When the ankle is dorsiflexed, the talus fits snuggly into the mortise and the ATFL is loose, but when the foot is plantar flexed, the ATFL becomes vertical and serves as the primary stabilizing structure of the ankle in inversion. Injury to the ATFL occurs with inversion of a plantar-flexed ankle with or without internal rotation. Commonly, the CFL is injured in combination with injury to the ATFL. Injures to the CFL occur with inversion of a dorsiflexed ankle. Subtalar ligament injury may be in continuum with a CFL injury. It has been shown that rupture of the ATFL occurs as an isolated injury in 50% to 75% of cases. With increasing force, the CFL also is ruptured. A rupture of the ATFL and the CFL occurs in 15% to 25% of cases. Isolated rupture of the CFL happens in approximately 1% of patients, and injury to the PTFL is extremely rare.810,14 Isolated ligament injuries of the deltoid ligament are infrequent.

Chronic lateral ankle instability results when the injured ligaments do not regain the mechanical integrity necessary to stabilize the ankle against physiologic stress. Possible risk factors for ankle instability that have been implicated in the literature include (1) environmental factors, such as the condition of the playing field, the level of neuromuscular training, the position an athlete plays, and the available equipment15 and (2) a patient’s unique anatomy, including variations in ankle anatomy, multiligamentous laxity, limitation of ankle range of motion, a history of recurrent ankle sprain, diminished muscle strength, poor postural control and proprioception, and delayed muscle reaction time.16 A varus tibial plafond alignment, a varus hindfoot alignment, and a posterior fibular position have also been proposed as possible predisposing factors in chronic ankle instability.17

Chronic lateral instability of the ankle usually manifests as a mechanical or a functional instability.
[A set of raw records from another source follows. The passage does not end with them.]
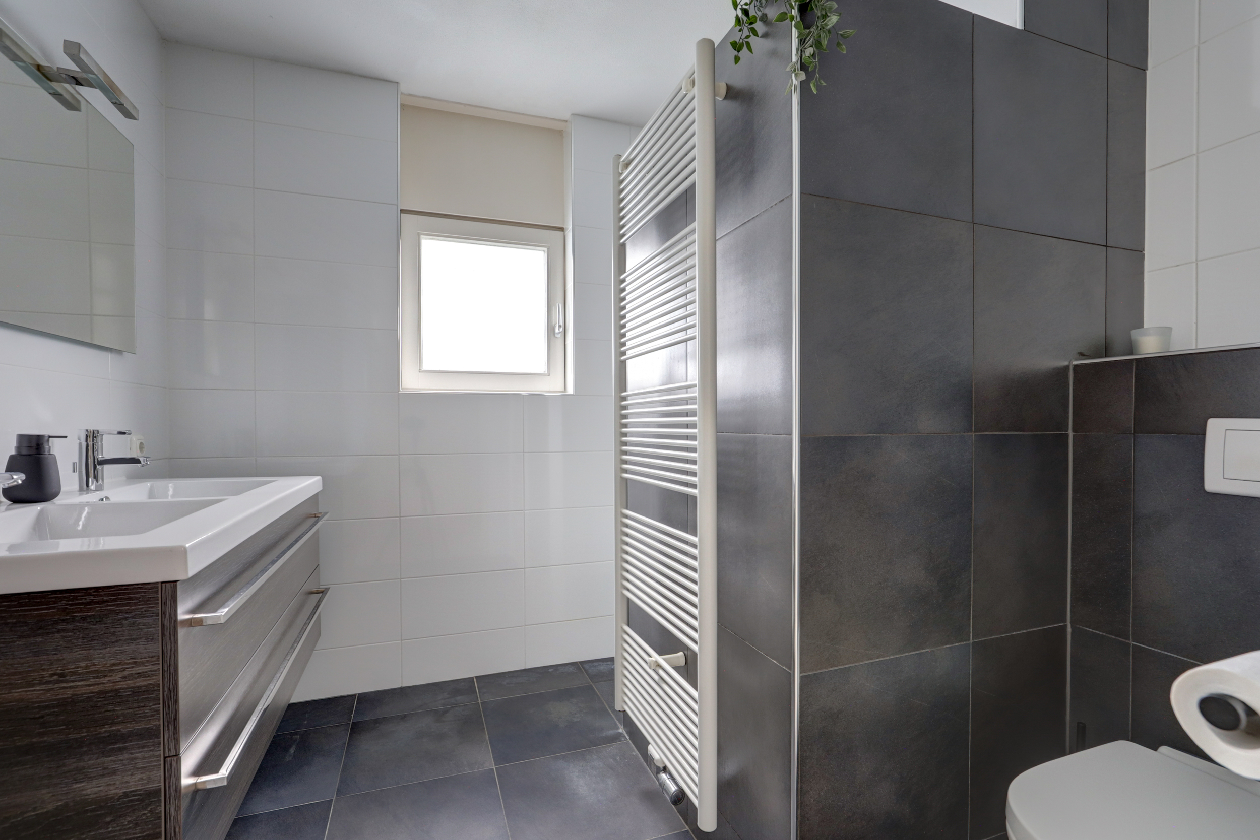 - Luxe, moderne badkamer met dubbel wastafelmeubel, inloopdouche en toilet
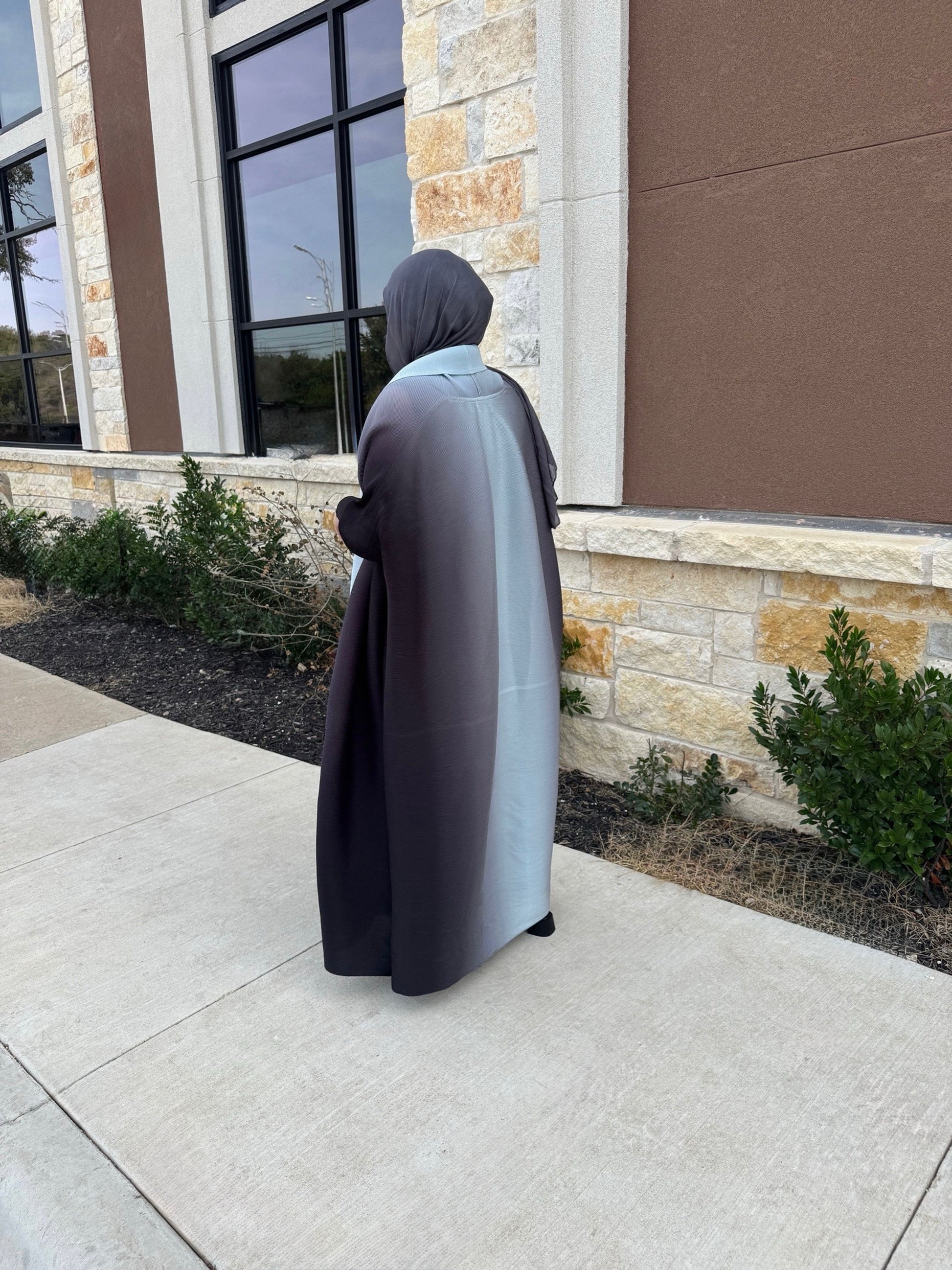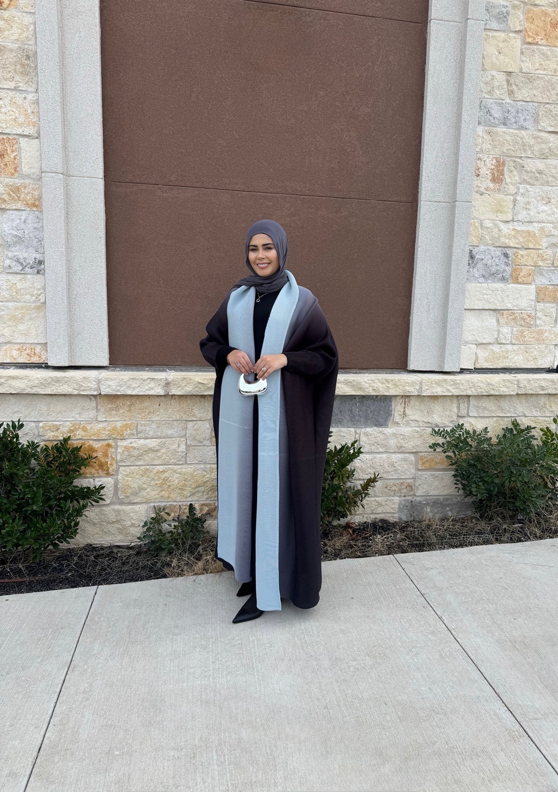 𝐓𝐰𝐢𝐥𝐢𝐠𝐡𝐭 𝐌𝐢𝐬𝐭 𝐀𝐛𝐚𝐲𝐚 features an open silhouette with a soft ombré effect, blending black with deep shades of blue for a refined, modern look.
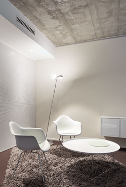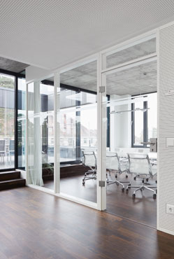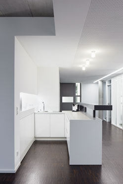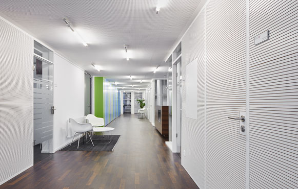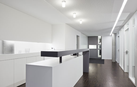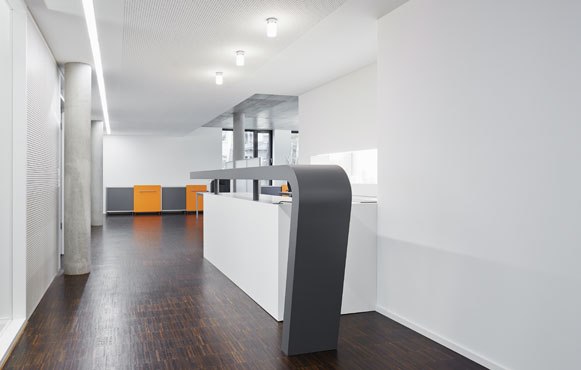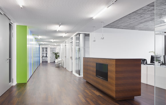 Für mehrere Büroeinheiten in einem neuerstellten Verwaltungsgebäude im Karlsruher Norden oblag uns die Ausgestaltung. Damit verknüpft waren verschiedenartige Überlegungen zu zeitgemäßen Arbeitsformen wie zur Arbeitsplatzgestaltung. Der Einsatz von Glastrennwänden, offenen Kommunikationsbereichen und zurückhaltend gestalteten Einbaumöbeln trägt den Grundgedanken offener Arbeitsformen Rechnung.
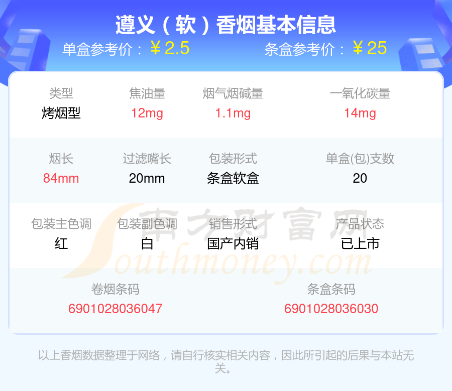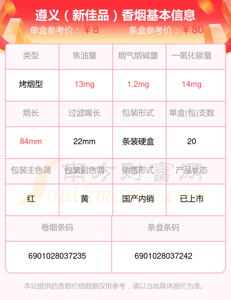 遵義香煙尼古丁1至2mg的煙有遵義(軟高)、遵義(精品)、遵義(新佳品)、遵義(新精品)、遵義(硬高)、遵義(軟)等,詳細(xì)價(jià)格如下:
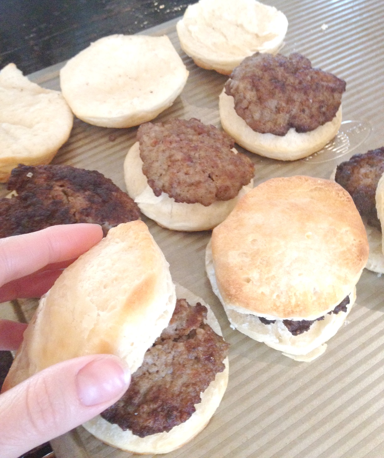 When the biscuits come out, allow everything to cool slightly. Then build the sandwiches. Tear open the biscuit and pop a patty on top.
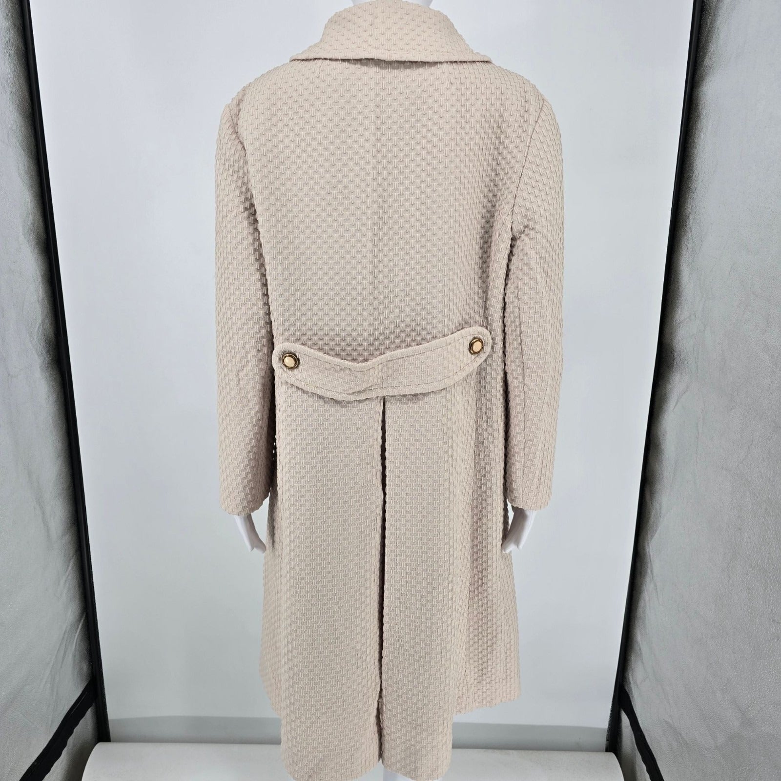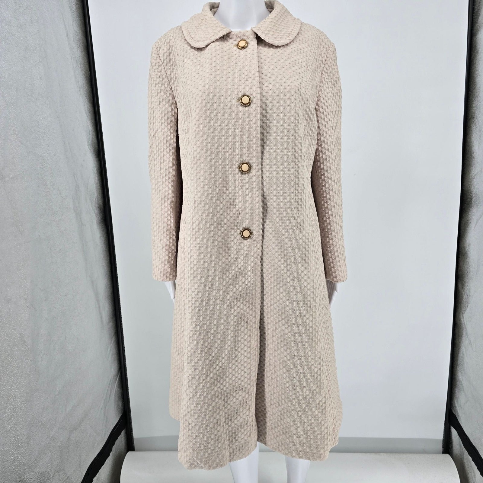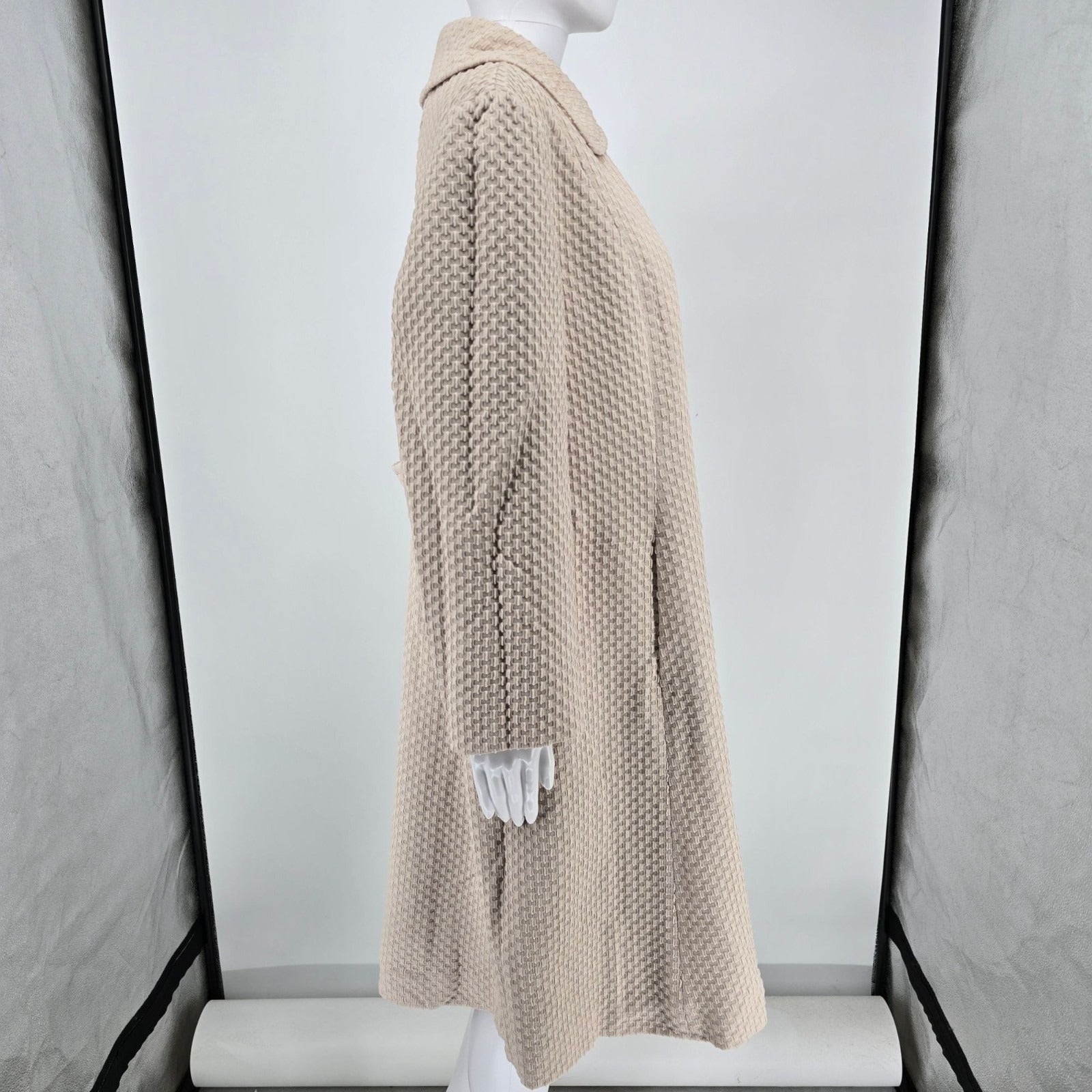 Vintage Early 1970s Alorna Women's Beige Textured A-Line Mod Coat (Large)
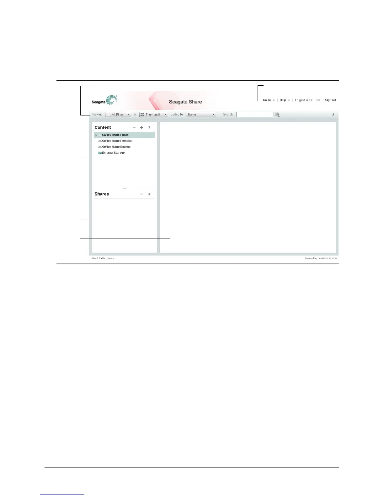 • Content panel: Lists your three GoFlex Home folders. Any external USB drive connected
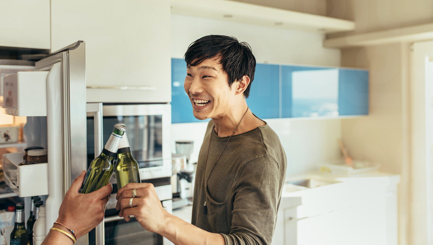 Smiling asian man standing at home toasting a bottle of beer with his friend. Friends having a party at home with beer bottles.

Mechanical instability is objective abnormal motion of the talus relative to the ankle mortise, as measured on standardized stress radiographs or by clinical measurement of an anterior drawer sign or varus tilt.7,15 Functional instability is manifested as a symptomatic feeling of the ankle’s repeatedly giving way, combined with pain and difficulty walking on uneven terrain. Functional instability is most likely caused by increased laxity of the injured ligaments, inhibition of proprioceptive function, peroneal muscle weakness, or a combination of these factors.7,15 Some patients manifest functional instability without the mechanical components or vice-versa.